Posted on Nov. 24, 2014 ( comments)
Thanksgiving Cranberries
Photo credit: Flickr user Ruthanne Reid
Thanksgiving. There is perhaps no other holiday that focuses so exclusively on food. Lots and lots of food.

It’s not a day many associate with healthy eating. But — overeating aside — several traditional Thanksgiving foods are actually beneficial. Here, Chelsea Lindahl, RD, CD, a wellness dietitian with the MultiCare Center for Healthy Living, and Beverly Utt, MS, MPH, RD, a Center for Healthy Living wellness dietitian and coach, offer their insight for creating a healthier Thanksgiving plate.

  • Turkey
    Turkey has an awesome protein package when compared to other holiday entree choices like brisket, ribs or filet mignon. Its healthy profile includes being a lean meat choice that is low in saturated fat and high in protein. Paired with vibrant red cranberry sauce, which is high in anthocyanin pigments responsible for the berry’s red color and which provide a number of health benefits, this Thanksgiving entrée gets three thumbs up for its health-promoting potential.

  • Mashed Potatoes
    Although they have a bad reputation, potatoes are not void of nutrients. They are high in some great nutrients, such as fiber and potassium, and they’re also a very good source of vitamin C. To get the most nutritional bang for your buck, leave the skins on. Red potatoes are excellent “smashed” with roasted garlic. Our favorite is Yukon gold potatoes mashed in the traditional way. They are so creamy, you won’t even notice the skins, but you’ll certainly appreciate the time you save not having to peel them!

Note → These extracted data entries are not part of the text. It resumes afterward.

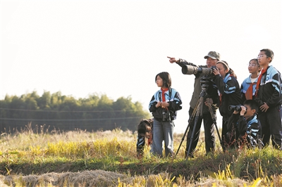 圖為在位于安徽省池州市的十八索省級自然保護區(qū),茅坦小學的學生在野生鳥類保護志愿者的帶領下用相機記錄鳥類。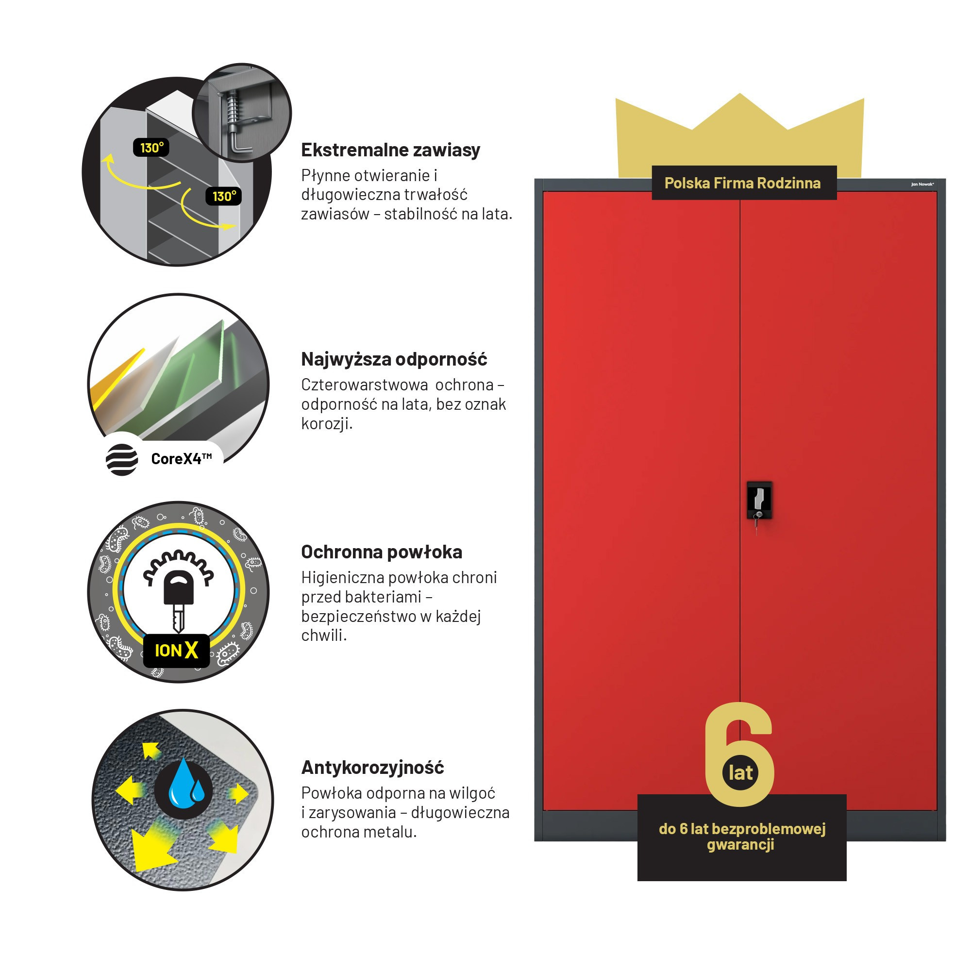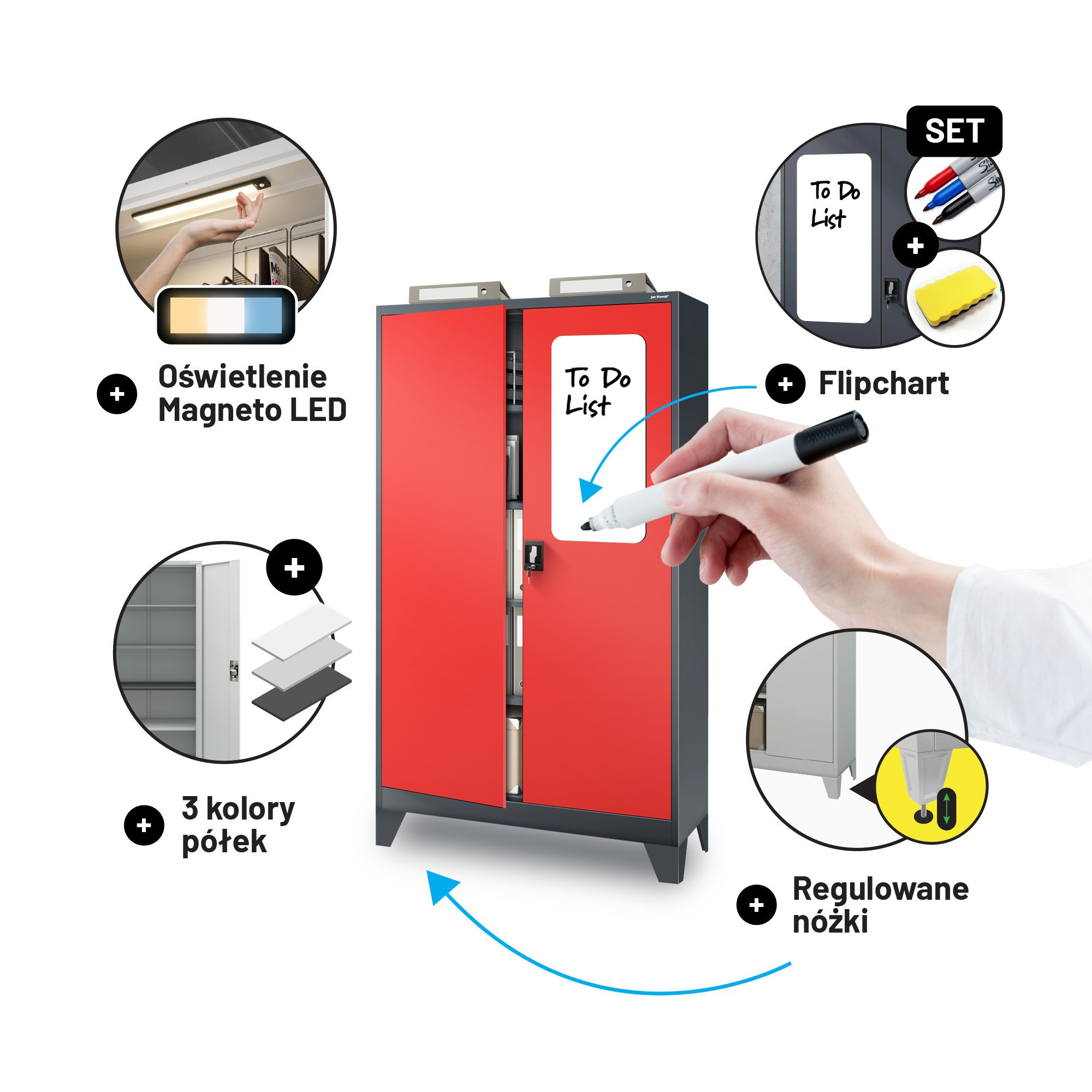 Kancelářská skříň JAN II – antracitově-červená je dokonalou kombinací funkčnosti, odolnosti a designu. Je to investice, která se vám vyplatí, protože získáte spolehlivý úložný prostor, který vám bude sloužit po mnoho let. Objednejte si ji ještě dnes a užijte si pořádek a styl ve vaší kanceláři, dílně nebo doma!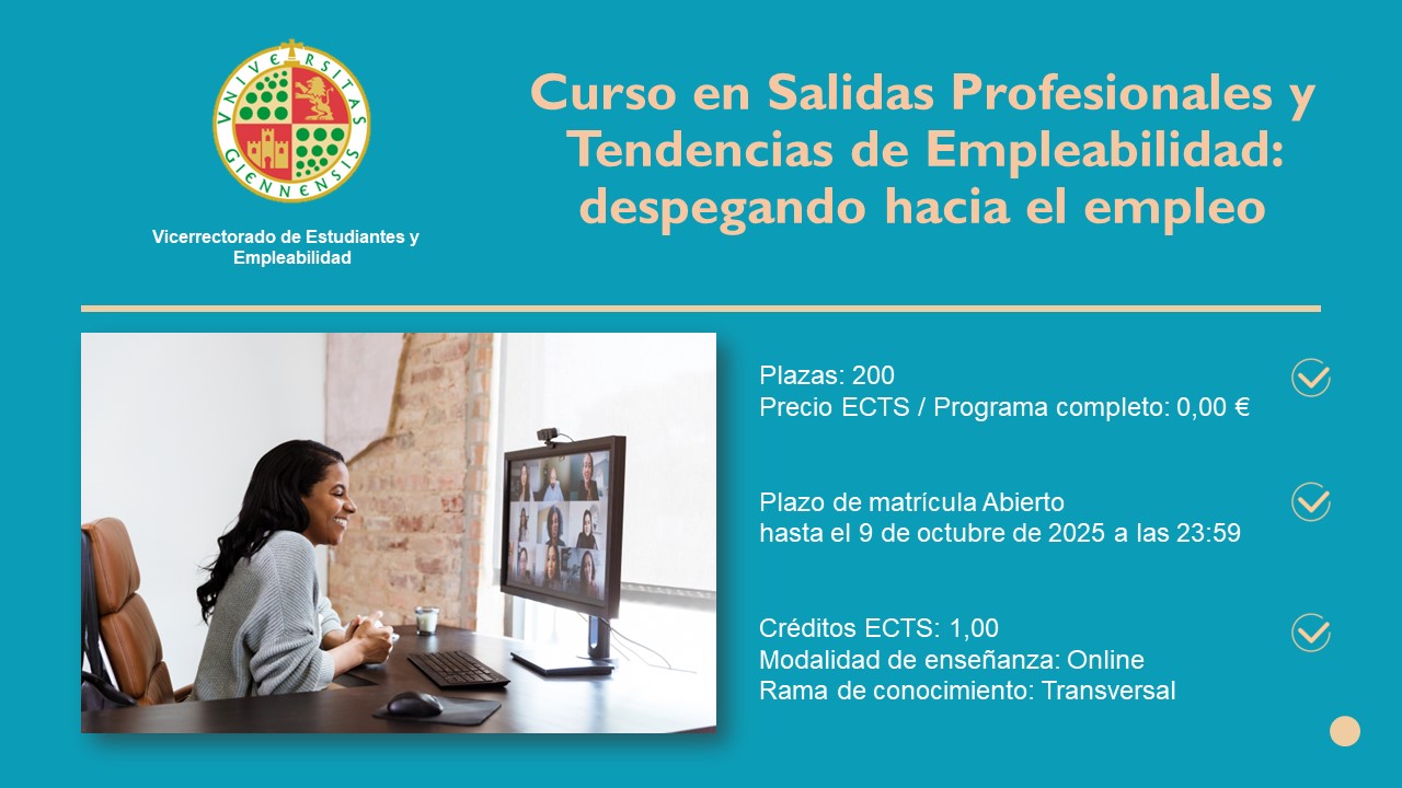 El Vicerrectorado de Estudiantes y Empleabilidad de la Universidad de Jaén organiza, para el curso 2025-2026, a través del Secretariado de Empleabilidad, Emprendimiento Estudiantil y Programa Alumni, un curso de formación orientado al alumnado, matriculado y egresado, para la búsqueda de empleo. Con un enfoque basado en competencias transversales y deseables en el desempeño profesional, se busca mejorar el conocimiento de la realidad laboral y capacitar en habilidades digitales básicas demandadas por las empresas.

  • Thanksgiving Stuffing/Dressing
    Stuffing or dressing is often notoriously unhealthy, but it doesn’t have to be! Stuffing is an excellent opportunity to add nutrient-rich foods to your Thanksgiving meal. Add vegetables or fresh fruits, such as onion, celery, mushrooms, and apple, to increase the amount of fiber and vitamins. Dried fruits, like cranberries and cherries, add a pop of color and a hint of sweetness, while also contributing disease-fighting antioxidants. Chopped nuts, like walnuts, pecans or chestnuts, increase fiber, mineral and protein content.

    You can even take it a step further and make your own bread cubes using multigrain or whole grain crusty bread. Making your own bread cubes at home is simple and can be done ahead of time. Take a multigrain or whole grain crusty loaf of bread, cut the loaf into ½ inch cubes and spread in single layer on a sheet pan, bake at 300 degrees for 30-35 minutes.

  • Sweet Potatoes
    Sweet potatoes have been gaining popularity for a number of years — and rightfully so. Sweet potatoes are highly pigmented with carotenoids, making them full of the diseas- fighting antioxidant beta carotene. They’re an excellent source of vitamins A and C, as well as minerals like manganese and potassium. Enhance sweet potatoes natural sweetness, and reduce the amount of refined sugar in your Thanksgiving meal, by using natural sweeteners like pure maple syrup and honey in your dish. Alternatively, sweet potatoes are delicious roasted with spices like curry, chili powder, paprika, salt and pepper.

Pro-tip: Think big, bold colors for your Thanksgiving table side dishes. Many holiday favorites incorporate reds, oranges, greens and browns, each carrying special protective properties for our health.